I'm not a religious person but Strictly Come Dancing (BBC1) almost felt obscene for a Sunday.
With its manic glitter and girly shrieking and sequins flying it just felt like too much giddy fun. But it's Sunday! I sat on the sofa, laptop on my knee, and flinched at the explosions of glitter and the constant whooping and clapping. It's the day of rest, I wanted to moan! Across the country it's bath night and shoes are being polished for school tomorrow. People are shuffling out of pleasant Sunday laziness towards the blunt edge of Monday and this noisy riot seemed like just too much mania. Surely, it belongs back on Saturday night TV, for this is a country where some people still grumble at ferry sailings and alcohol sales on a Sunday and - for the first time in my agnostic life - I felt a stirring of sympathy for them. I wanted to make a Father Ted placard. Down with this sort of thing! This isn't right for Sunday TV. Restore to us the gentle costume dramas and the things set in Yorkshire.
But I was hopeful. All the screaming and celeb back-slapping must subside and the dancing will soon begin.
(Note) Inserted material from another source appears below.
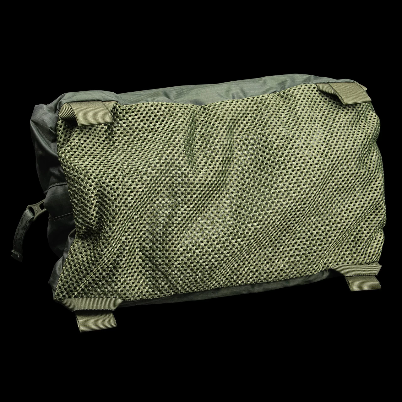 - Two covers enclosed: a drawstring bag and zippered sleeve with mesh bottom for drying, attached to the backpack via nine webbing bands
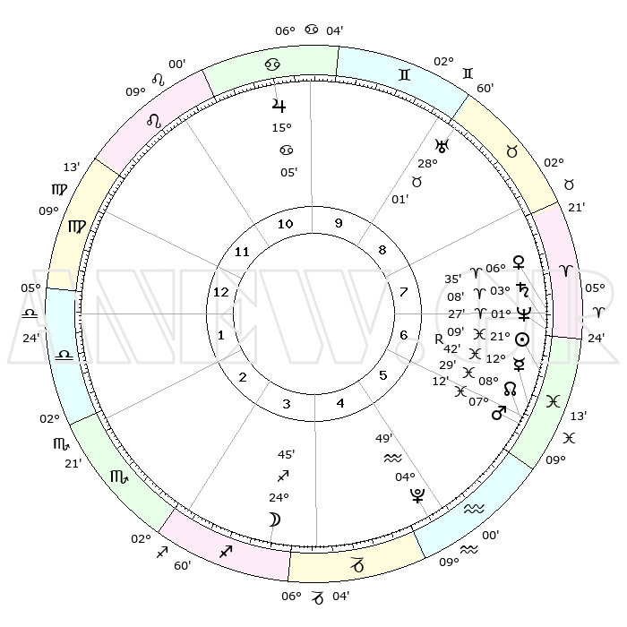 | | ΘΕΣΕΙΣ ΠΛΑΝΗΤΩΝ ΑΣΤΡΟΛΟΓΙΚΟΥ ΧΑΡΤΗ ΤΗΣ ΣΤΙΓΜΗΣ ΑΥΤΗΣ | | | | Πλανήτης | Ζώδιο | Μοίρες | Δεκαήμ. | Σε οίκο | Απόκλιση | | Ακμές των οίκων | | Ηλιος | Ιχθείς | 21°06' | Τρίτο | 7 | 03 S 32 | | 1ος | 18°12' | Παρθένος | | Σελήνη | Τοξότης | 24°04' | Τρίτο | 4 | 28 S 23 | | 2ος | 13°50' | Ζυγός | | Ερμής | Ιχθείς | 12°45'R | Δεύτερο | 6 | 03 S 54 | | 3ος | 13°46' | Σκορπιός | | Αφροδίτη | Κριός | 06°30' | Πρώτο | 7 | 01 N 32 | | 4ος | 16°42' | Τοξότης | | Αρης | Ιχθείς | 07°10' | Πρώτο | 6 | 09 S 53 | | 5ος | 19°56' | Αιγόκερως | | Δίας | Καρκίνος | 15°05' | Δεύτερο | 10 | 22 N 56 | | 6ος | 20°50' | Υδροχόος | | Κρόνος | Κριός | 03°08' | Πρώτο | 7 | 00 S 42 | | 7ος | 18°12' | Ιχθείς | | Ουρανός | Ταύρος | 28°01' | Τρίτο | 9 | 19 N 32 | | 8ος | 13°50' | Κριός | | Ποσειδώνας | Κριός | 01°27' | Πρώτο | 7 | 00 S 38 | | 9ος | 13°46' | Ταύρος | | Πλούτωνας | Υδροχόος | 04°48' | Πρώτο | 5 | 22 S 50 | | 10ος | 16°42' | Δίδυμοι | | Β. Δεσμός | Ιχθείς | 08°29' | Πρώτο | 6 | 08 S 23 | | 11ος | 19°56' | Καρκίνος | | Ωροσκόπος | Παρθένος | 18°12' | Δεύτερο | | | 12ος | 20°50' | Λέων | | Μεσουράνημα | Δίδυμοι | 16°42' | Δεύτερο | | | |

Brucie will see to it. He won't take this nonsense - but Brucie has gone, replaced by a dark-haired sequined woman who is presenting the show alongside a blonde-haired sequined woman. So much eyeliner and glitter and lipgloss and shrieking. All they needed was pink stetsons and it would've been a horrific Sauchiehall Street hen night.
And still no dancing. We had to meet the celebrities first which could've been done in a few minutes but was dragged on forever. And they were hardly celebrities. They included Judy Murray, the baldy one from Masterchef, the ginge from Eastenders and some waving, smiling others I'd never heard of. They were a bland parade of grinning look-a-likes and there was no maverick contestant as we've had in past years, like John Sargeant or Ann Widdecombe, unless the obese woman, Alison Hammond, was serving that purpose. But no, surely TV wouldn't be cruel enough to have us gawping at a fat woman being hurled round the dance floor by an elfin young man in tights? Regardless of the quality of the line-up, I chose to view the lack of big celebs as a positive. Maybe they've been chosen for their twinkle toes, not their star power.
More time was frittered away as the celebs were paired up with professional dancers. Lots of madly done-up Eastern European women, wearing straps and sequins and tiny pants, stood frozen under the spotlight to be partnered up. It was like Blind Date with the fake surprise and the hugs then the celebs grasped the hand of their glitzy lady and dashed offstage together to get acquainted.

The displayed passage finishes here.